Teaching leaders have called for change in the approach to tackling bullying in Scotland’s classrooms amid concerns from pupils that the current approach is not working.
MSPs warned yesterday that “policy after policy” aimed at addressing the issue in schools has not worked. It comes amid recent concerns over a rise in homophobic and sexist bullying in Scotland’s classrooms.
The Scottish Government is currently drawing up a new anti-bullying strategy.
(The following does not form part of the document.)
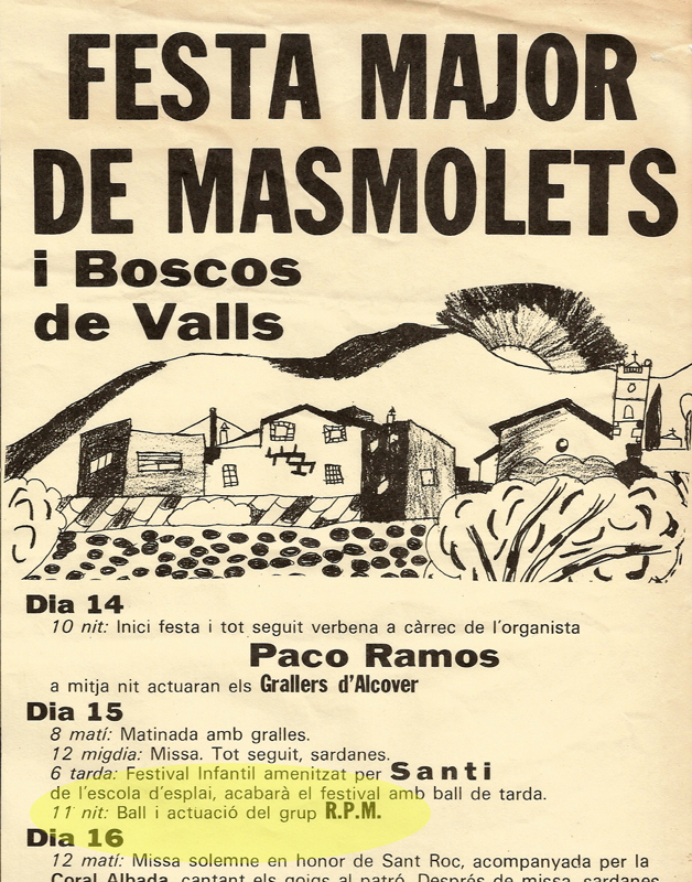 David Valera: Ramon, vet aqui la meva pregunta, proposada a la vegada per l'Anna, la meva parella: ¿recordes haver tocat fa uns anyets a Masmolets amb RPM?

Holyrood’s equalities committee has taken evidence from youngsters in recent months – who have said the current approach is not filtering through to the frontline – and grilled education leaders on the issue yesterday.
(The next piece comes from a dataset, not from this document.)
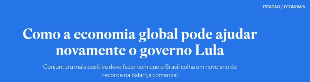 “Uma parte dos bancos e consultorias prevê um superávit acima de US$ 70 bilhões em 2023, o que marcará um recorde se confirmado“, escreve o jornalista Luiz Guilherme Gerbelli, no ‘Estadão‘.

Labour’s Mary Fee said: “We’ve heard from pupil after pupil, from professional people who tell us that we have polices, we refresh the policy, we introduce another policy, we refresh it again, we do something else.
“And then we get young people in here who tell us it’s made absolutely no difference.
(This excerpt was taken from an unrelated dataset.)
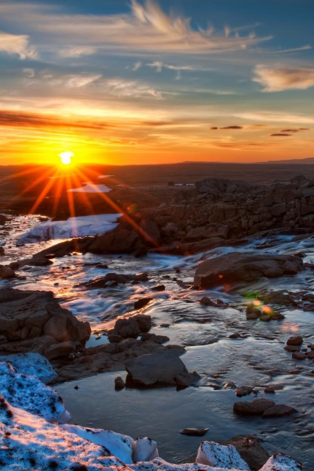 Wallpaper The sun disappears behind the horizon

“With the greatest of respect, introducing policy after policy clearly is not addressing the issue.”
Philip Gosnay of the Association of Directors of Education said teachers must be confident in meeting the “demands” of children to tackle bullying.
He said: “We need to change our approaches and that will be helped through the guidance we’re going to get.
“It will help develop our responses if we then listen to young people.”
MSPs heard that pupils in independent schools often help draw up anti-bullying plans, as they are closest to the frontline on the issue.
Teaching union the EIS issued new guidance last year on tackling sexist attitudes after research found teachers reported girls being “pushed, grabbed and groped”, and subject to sexist abuse.
Campaign group TIE claimed earlier this month that nine out of ten LGBTI students experience homophobia, biphobia and transphobia at school, with 27 per cent having attempted suicide as a result of bullying.